Dusty roads, vacant saloons, haunted cemeteries, and violent histories make up the heart of our American ghost towns. Their histories are frightening, dramatic, and fascinating all at once. Visiting ghost towns is about as close as most people will come to the thrill of a treasure hunt, or watching Indiana Jones for the first time. More importantly, ghost towns are everywhere and usually free to visit. And who can say no to free, convenient adventure?
Because of the historical significance of ghost towns, most are protected by federal and state laws. Some are protected because they are registered as historic places while others are protected as archaeological sites. These laws come with strict regulations to help protect the integrity of each sites. Tampering with any buildings, disturbing the site, and taking pieces of the town are strictly prohibited. In most ghost towns, even low impact metal detecting is forbidden.
While federal and state laws protect the cores of ghost towns, simple etiquette goes a long way to protect the little things. Most things are obvious: don’t litter, don’t vandalize anything, etc. However, some things are less apparent. In towns with current residents, do not consider their private homes to be part of some living museum, unless specified.
Though nearly every state in the U.S. has at least one ghost town, there are clearly some areas of the country that seem to have more ghost towns than legitimate ones. The southwest is particularly rank with ghost towns, owing in large part due to the time of western expansion and the rush for gold. Spend more than 5 minutes in New Mexico and you’ll probably come across a ghost town. The same is true for California’s Sierra Nevada range.
For online resources, there really is no site better than ghosttowns.com. Particularly useful is the map function, which allows you to click on any county in the country and get instant information on all ghost towns located there. Town profiles include directions, history (when known), and tips on any special features. For books, check out anything by the following authors: Philip Varney, Jim Hinckley, and Kerrick James. Their “Ghost Towns of” books of excellent travel advice and tips on ghost towns throughout the southwest.
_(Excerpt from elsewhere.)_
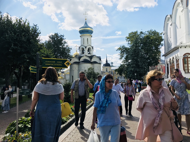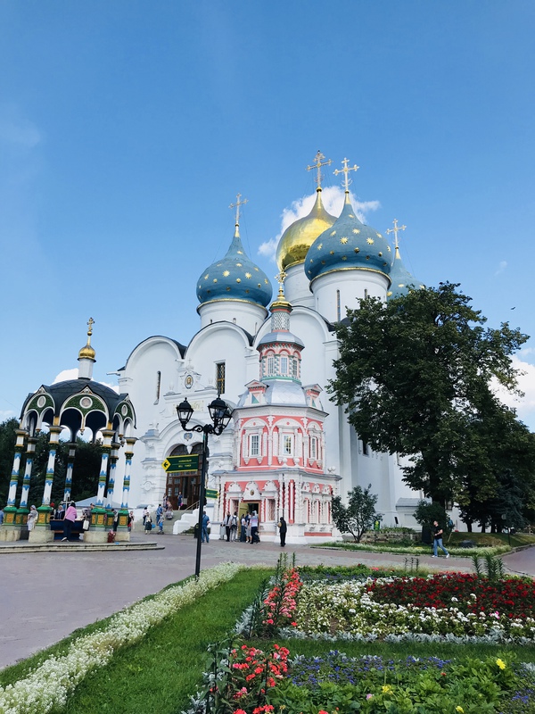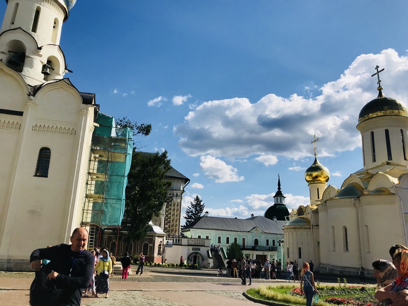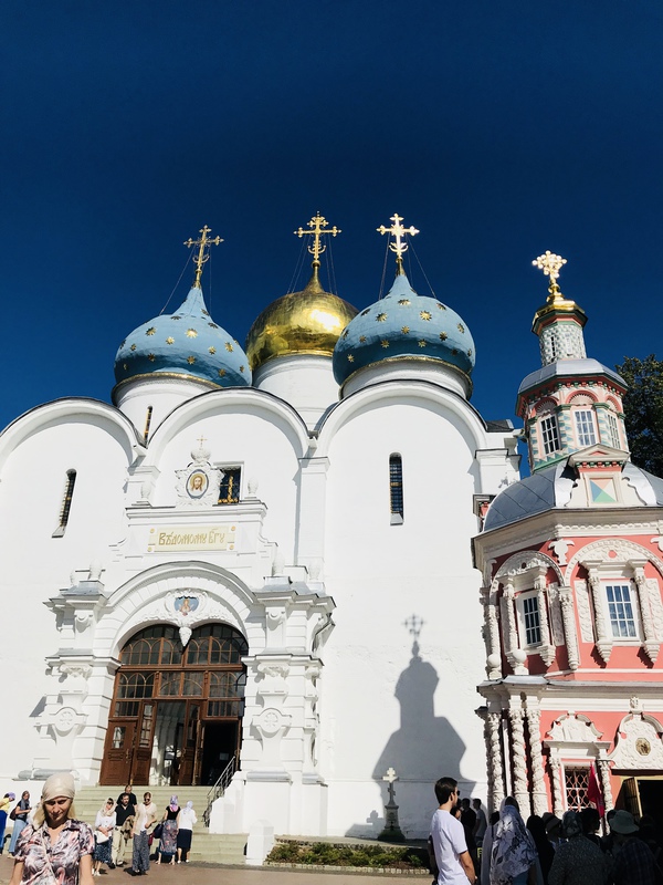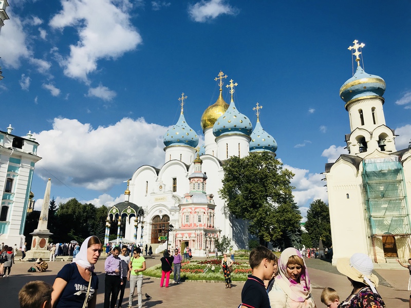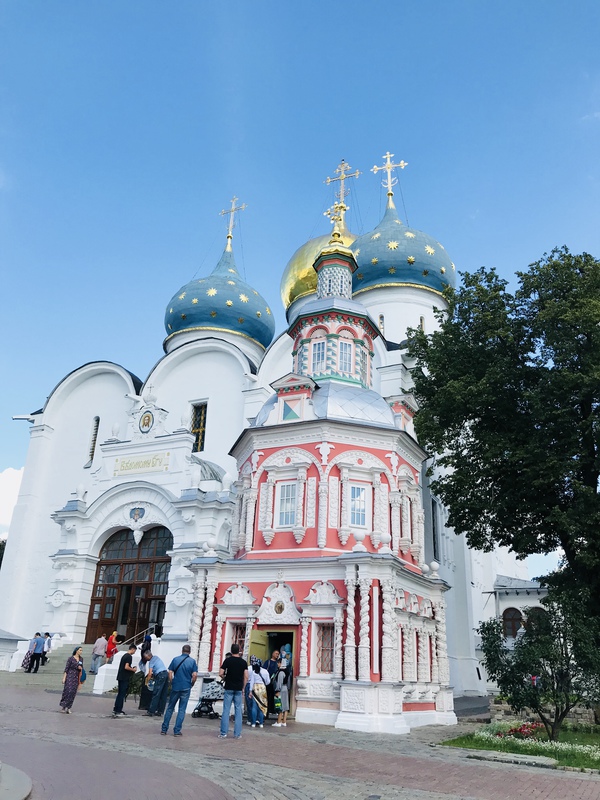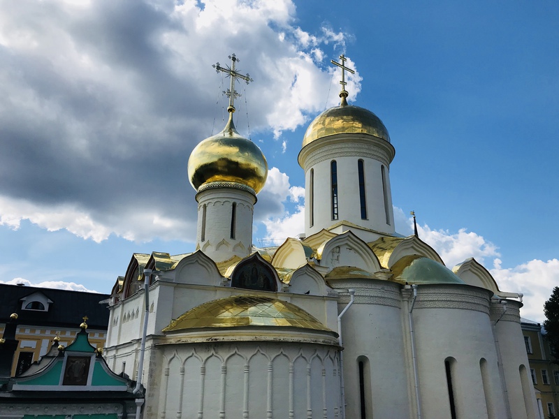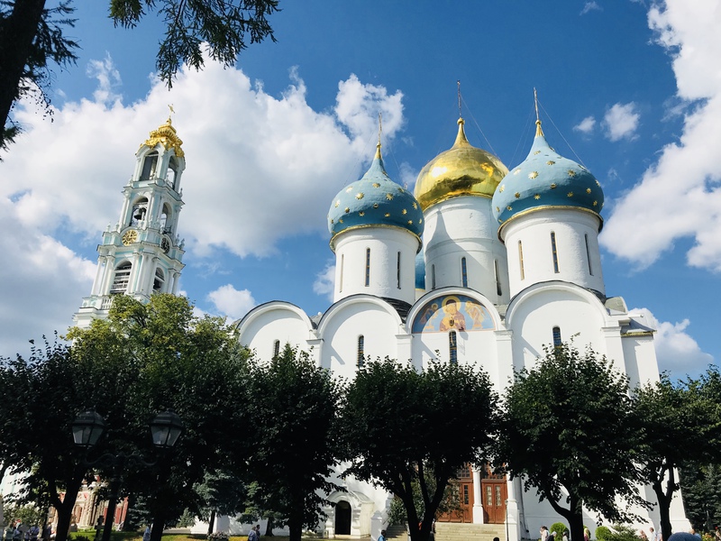 謝爾蓋三一聖大修道院坐落在風景如畫、建築獨特的同名小鎮,距離莫斯科東北約70公里,它是俄羅斯最古老的大修道院之一,由三聖教堂、聖母升天教堂、小禮拜堂、沙皇宮殿、88米高的鐘樓組等建築群組成,著名的三聖教堂建於1423-1442年,是俄羅斯早期白石建築藝術典範。院內還設有莫斯科宗教大學和神學院,時見身穿黑袍的年輕修士和修女。

Not all ghost towns appear as the vacant set of HBO’s “Deadwood”, in fact, almost none are like that. If you visit enough sites, you’ll see that some ghost towns are little more than a few stone foundations and the general impression of a road, overgrown with weeds. Others may have more preserved buildings, visitor information signs, and easy access. In some cases, ghost towns may still be functional with current residents a complete infrastructure. Any town that has seen significant decrease in population or industry may be considered a ghost town, especially if it is historically significant.